## Exercise data

■ ■ ■ ■ ■ ■ ■

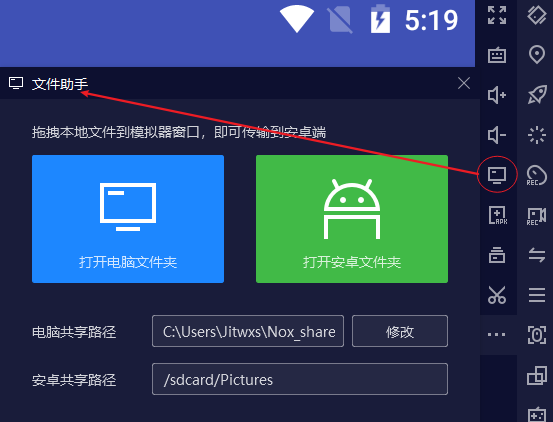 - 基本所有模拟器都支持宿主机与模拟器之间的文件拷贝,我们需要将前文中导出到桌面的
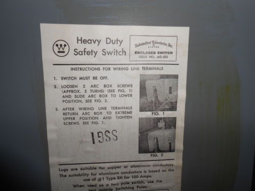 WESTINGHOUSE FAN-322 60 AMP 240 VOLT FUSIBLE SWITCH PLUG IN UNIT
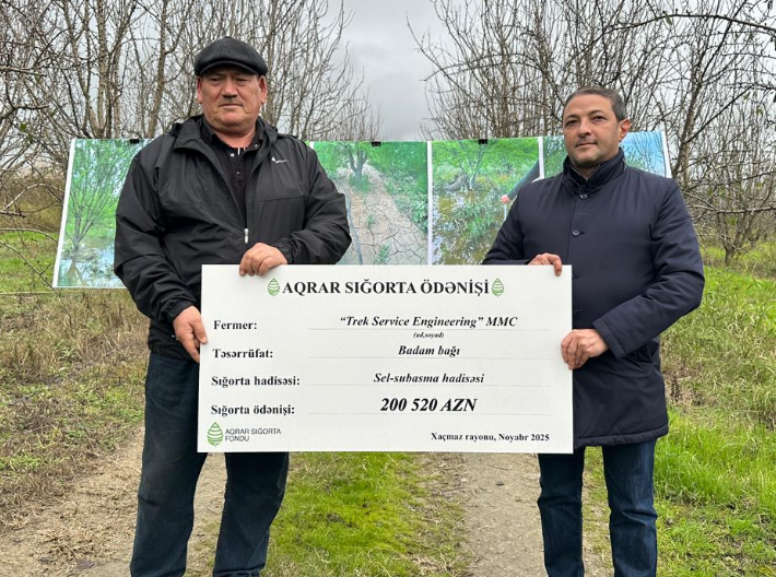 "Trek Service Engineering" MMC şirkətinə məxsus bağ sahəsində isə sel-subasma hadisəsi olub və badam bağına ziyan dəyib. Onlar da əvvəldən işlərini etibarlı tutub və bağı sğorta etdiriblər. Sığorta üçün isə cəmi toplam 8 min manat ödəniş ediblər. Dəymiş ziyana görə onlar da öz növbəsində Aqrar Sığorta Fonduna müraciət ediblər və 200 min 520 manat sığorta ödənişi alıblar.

■ ■ ■ ■ ■ ■ ■

## To do
Each of the lines above should be transcribed exactly; no image is to be copied.

## Answer to this task
 - 基本所有模拟器都支持宿主机与模拟器之间的文件拷贝,我们需要将前文中导出到桌面的
 WESTINGHOUSE FAN-322 60 AMP 240 VOLT FUSIBLE SWITCH PLUG IN UNIT
 "Trek Service Engineering" MMC şirkətinə məxsus bağ sahəsində isə sel-subasma hadisəsi olub və badam bağına ziyan dəyib. Onlar da əvvəldən işlərini etibarlı tutub və bağı sğorta etdiriblər. Sığorta üçün isə cəmi toplam 8 min manat ödəniş ediblər. Dəymiş ziyana görə onlar da öz növbəsində Aqrar Sığorta Fonduna müraciət ediblər və 200 min 520 manat sığorta ödənişi alıblar.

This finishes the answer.